(Collection entries)
◇ ◇ ◇ ◇ ◇
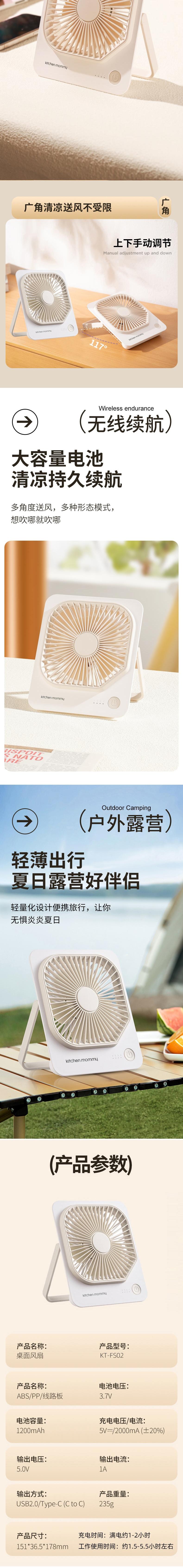 厨创妈咪 桌面风扇1200mAh KT-FS02
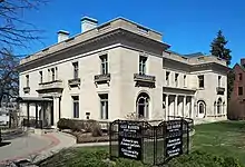 The Gale Mansion, at 2115 Stevens Avenue South, was built in 1912 to designs in the Renaissance Revival style by Ernest Kennedy of Minneapolis. In 1855, the 40-acre (16 ha) tract had been purchased for $50. Water company records indicate that several smaller houses once occupied the Stevens Avenue site.[4] The owner, Edward Chenery Gale, was the son of Minneapolis pioneer real estate broker Samuel Gale. His wife, Sara Belle Pillsbury, was a daughter of Governor John S. Pillsbury. The house, now owned by the American Association of University Women, is faced in Bedford limestone. Many modern features were part of the design: a central vacuum-cleaning unit, a kitchen at ground floor level, rather than secreted in the basement, an intercom system. The house was centrally heated with a coal furnace; the decorative fireplaces were infrequently used.[2] In the garden stands a fountain with the sculpture Boy with a Duck by Frederick MacMonnies.
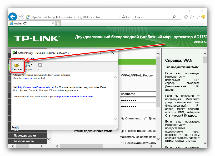 Откройте Asterisks Key, поместите окно приложения рядом с браузером и перейдите к нему. Далее выделите нужное поле, переключитесь на утилиту и нажмите в ней «Recover».
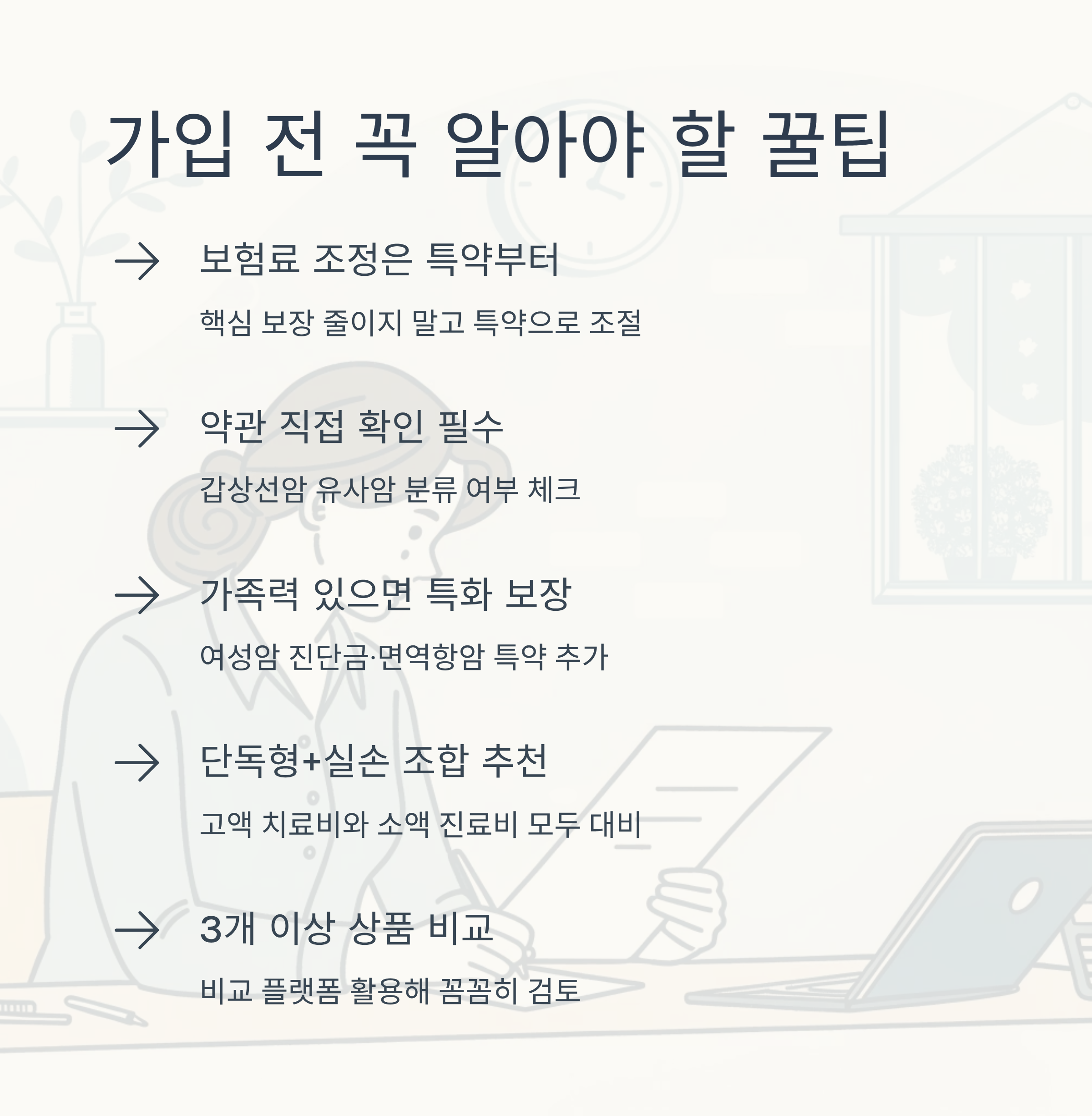 다음 섹션에서는, 실제로 암보험을 가입할 때 실수하지 않기 위한 꿀팁과 유의사항을 알려드릴게요! 보험설계사도 잘 알려주지 않는 내용들이니 꼭 읽어보세요! 🧠
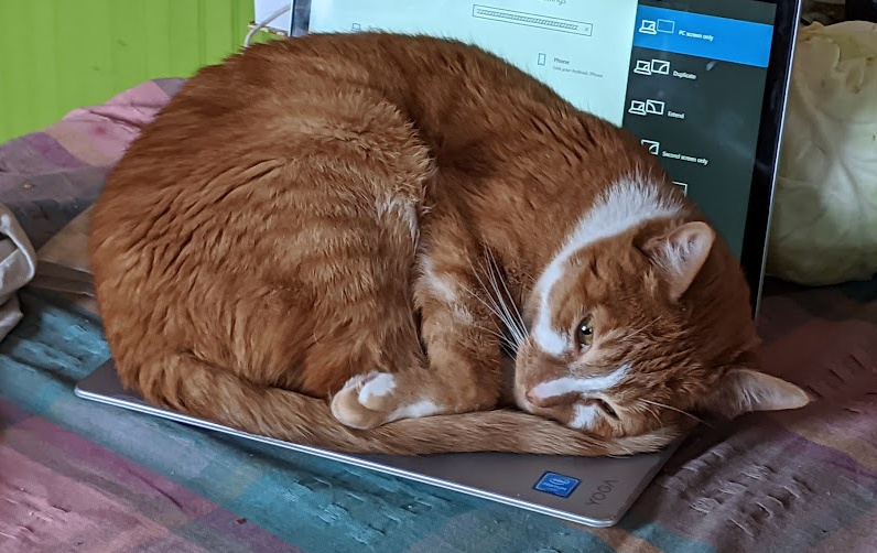 Clementine giving my laptop a hard reboot. (l originally was going to name her Orange is the New Cat, but the missus said no.)
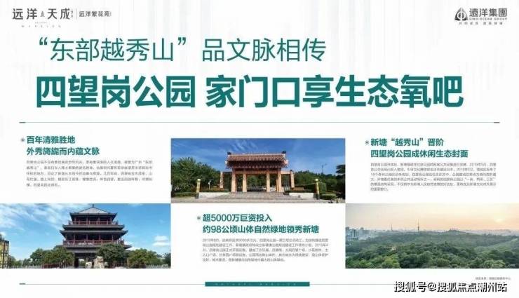 毗邻新塘最大的市民公园, 有东部“越秀山”之称的四望岗公园,公园占地约1470亩, 是当之无愧的天然大氧吧。未来,小区附近将会规划一条小路直达四望岗公园,轻松登顶即可远眺东江,四望新塘,充分享受“城市绿境”带来的舒适生活。
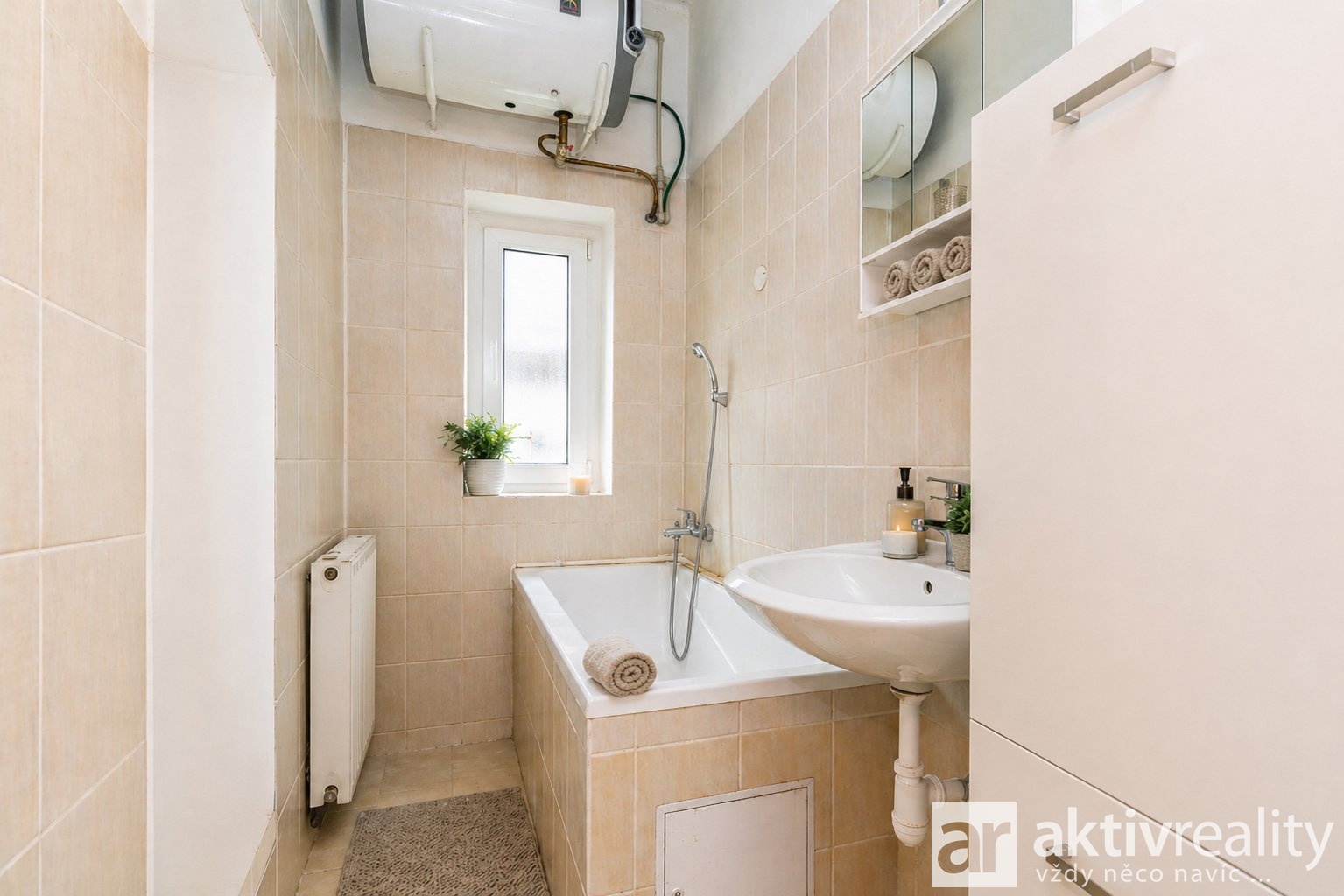 - Ohřev vody je zajištěn samostatně – každý byt má vlastní elektrický bojler.
◇ ◇ ◇ ◇ ◇
### BRIEF
Could you write out exactly the lines running from the one with "The Gale Mansion, at" through the last line of the data above, both ends kept, and omit any picture?

### ANSWER
 The Gale Mansion, at 2115 Stevens Avenue South, was built in 1912 to designs in the Renaissance Revival style by Ernest Kennedy of Minneapolis. In 1855, the 40-acre (16 ha) tract had been purchased for $50. Water company records indicate that several smaller houses once occupied the Stevens Avenue site.[4] The owner, Edward Chenery Gale, was the son of Minneapolis pioneer real estate broker Samuel Gale. His wife, Sara Belle Pillsbury, was a daughter of Governor John S. Pillsbury. The house, now owned by the American Association of University Women, is faced in Bedford limestone. Many modern features were part of the design: a central vacuum-cleaning unit, a kitchen at ground floor level, rather than secreted in the basement, an intercom system. The house was centrally heated with a coal furnace; the decorative fireplaces were infrequently used.[2] In the garden stands a fountain with the sculpture Boy with a Duck by Frederick MacMonnies.
 Откройте Asterisks Key, поместите окно приложения рядом с браузером и перейдите к нему. Далее выделите нужное поле, переключитесь на утилиту и нажмите в ней «Recover».
 다음 섹션에서는, 실제로 암보험을 가입할 때 실수하지 않기 위한 꿀팁과 유의사항을 알려드릴게요! 보험설계사도 잘 알려주지 않는 내용들이니 꼭 읽어보세요! 🧠
 Clementine giving my laptop a hard reboot. (l originally was going to name her Orange is the New Cat, but the missus said no.)
 毗邻新塘最大的市民公园, 有东部“越秀山”之称的四望岗公园,公园占地约1470亩, 是当之无愧的天然大氧吧。未来,小区附近将会规划一条小路直达四望岗公园,轻松登顶即可远眺东江,四望新塘,充分享受“城市绿境”带来的舒适生活。
 - Ohřev vody je zajištěn samostatně – každý byt má vlastní elektrický bojler.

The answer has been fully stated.